Sorry to say mate but you doing a 95% water change will stress out your p'S no end....................i only do a maximum of 30% everytime i do a water change, but i do at least 3 a week,


----------



## Dr. Giggles (Oct 18, 2003)

The 95% water change is most likely changing the pH level too quickly causing the flashing. I understand with your load you need to do alot so best to do 20 % daily water changes or at least every other day. make sure your water is well buffered to. A kH test kit will tell you the buffering capacity of your tap water as well as the level that is in your tank.


----------



## notaverage (Sep 10, 2005)

Mind if I ask a question?
Here it is...I have a Solitary Spilo how often should I change the water?
I do about15-20% weekly. I feed him and what he doesn't eat in a few minutes I take it out. THere is NEVER left over food in there.


----------



## Piranha Dan (Nov 11, 2007)

notaverage said:


> Mind if I ask a question?
> Here it is...I have a Solitary Spilo how often should I change the water?
> I do about15-20% weekly. I feed him and what he doesn't eat in a few minutes I take it out. THere is NEVER left over food in there.

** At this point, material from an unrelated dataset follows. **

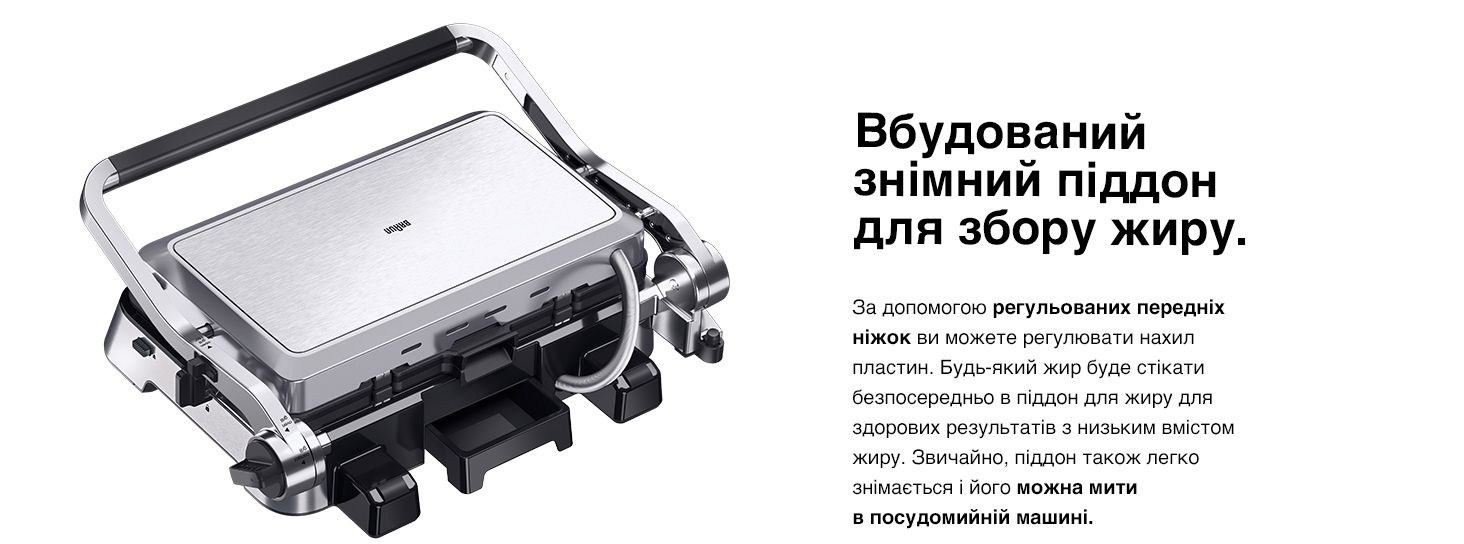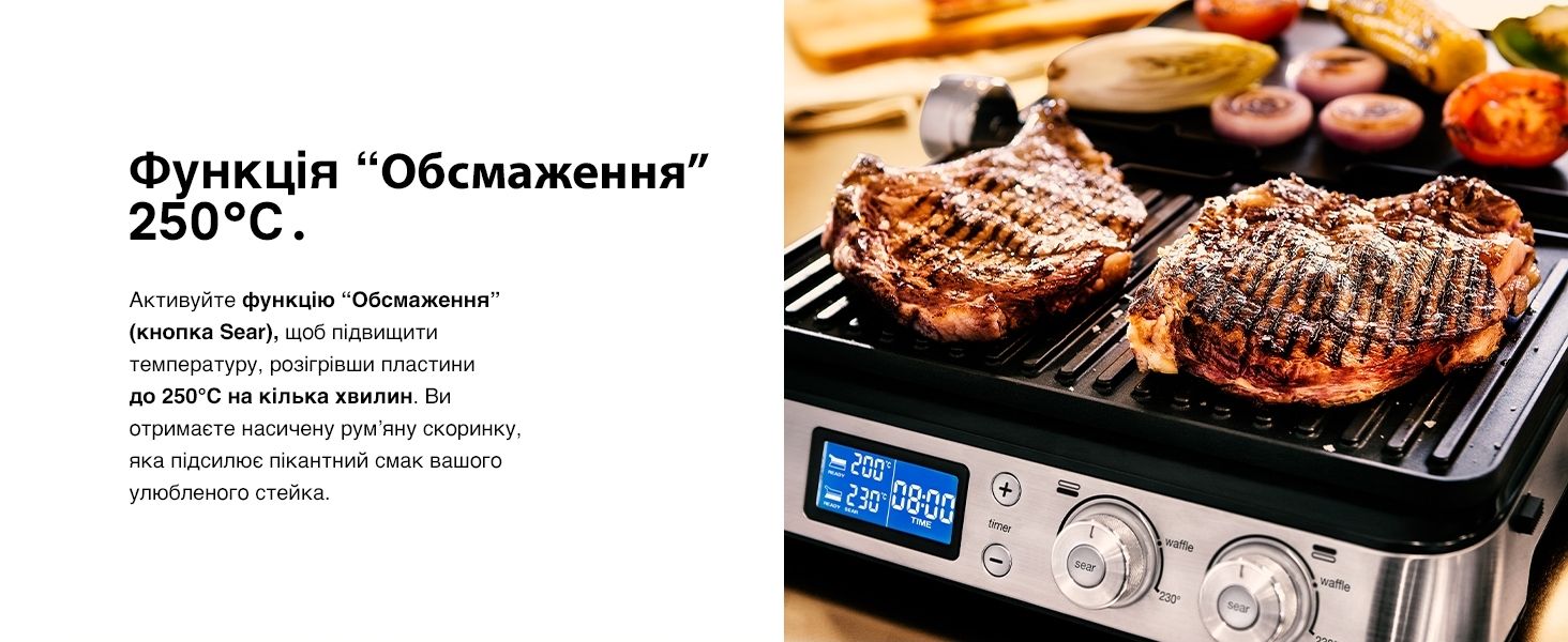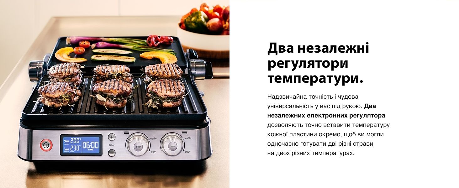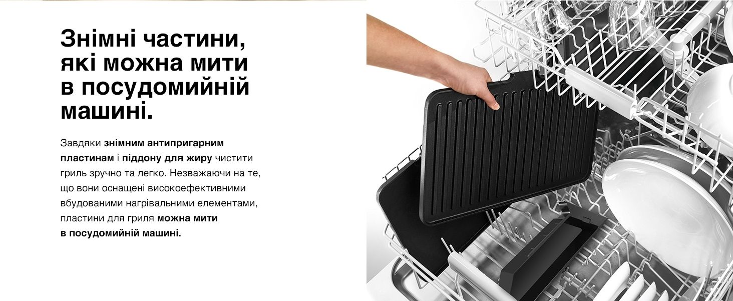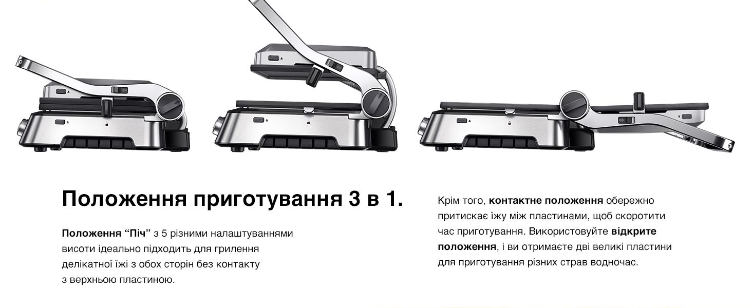 Багатофункціональний контактний гриль з 3 в 1 положеннями приготування, 3 наборами пластин, вбудованими нагрівальними елементами, незалежними електронними термостатами, функцією “Обсмажування”, знімним піддоном для жиру, елементами, які можна мити в посудомийній машині.

It depends on the size of your Spilo and how big the tank is. The more gallons of water per fish you have, the less water changes you have to do.


----------



## Gerrad (Jan 5, 2008)

I'm going to start and change the water more often. I know that I'm going to be doing more work, since I have to many rb's in a 55. I'm waiting till they get to like 4 inch's and then will buy a much larger tank. 
I didn't know that turning up the heat will affect there aggression. Or that they will get more tense. Or would that be because I have to many p's? 
well thank's for the response's


----------



## Piranha_man (Jan 29, 2005)

While I was reading your post I was like:
"Okay, nitrates aren't *that* bad... pH is good... everything looks in line...
Then I read "95% water change" and I almost choked on my Mirror Pond Pale Ale!

_(Mirror Pond Pale Ale... a refreshing, slightly hoppy beer from Deschutes Brewery- Bend, Oregon)_

As several have stated above, that is waaaaaaaaay too much of a water change... don't exceed 50%.

_(This post was sponsored by Deschutes Brewery- Bend, Oregon.)_


----------



## Dr. Giggles (Oct 18, 2003)

notaverage said:


> Mind if I ask a question?
> Here it is...I have a Solitary Spilo how often should I change the water?
> I do about15-20% weekly. I feed him and what he doesn't eat in a few minutes I take it out. THere is NEVER left over food in there.


If the tank is less than 75G 30% weekly is fine. Any tank bigger 20% would be fine for a single spilo/mac. The only way to know for sure if your water changes are adequate is though through a nitrate test kit.
If you keep your nitrates 40 ppm or less you are doing fine.


----------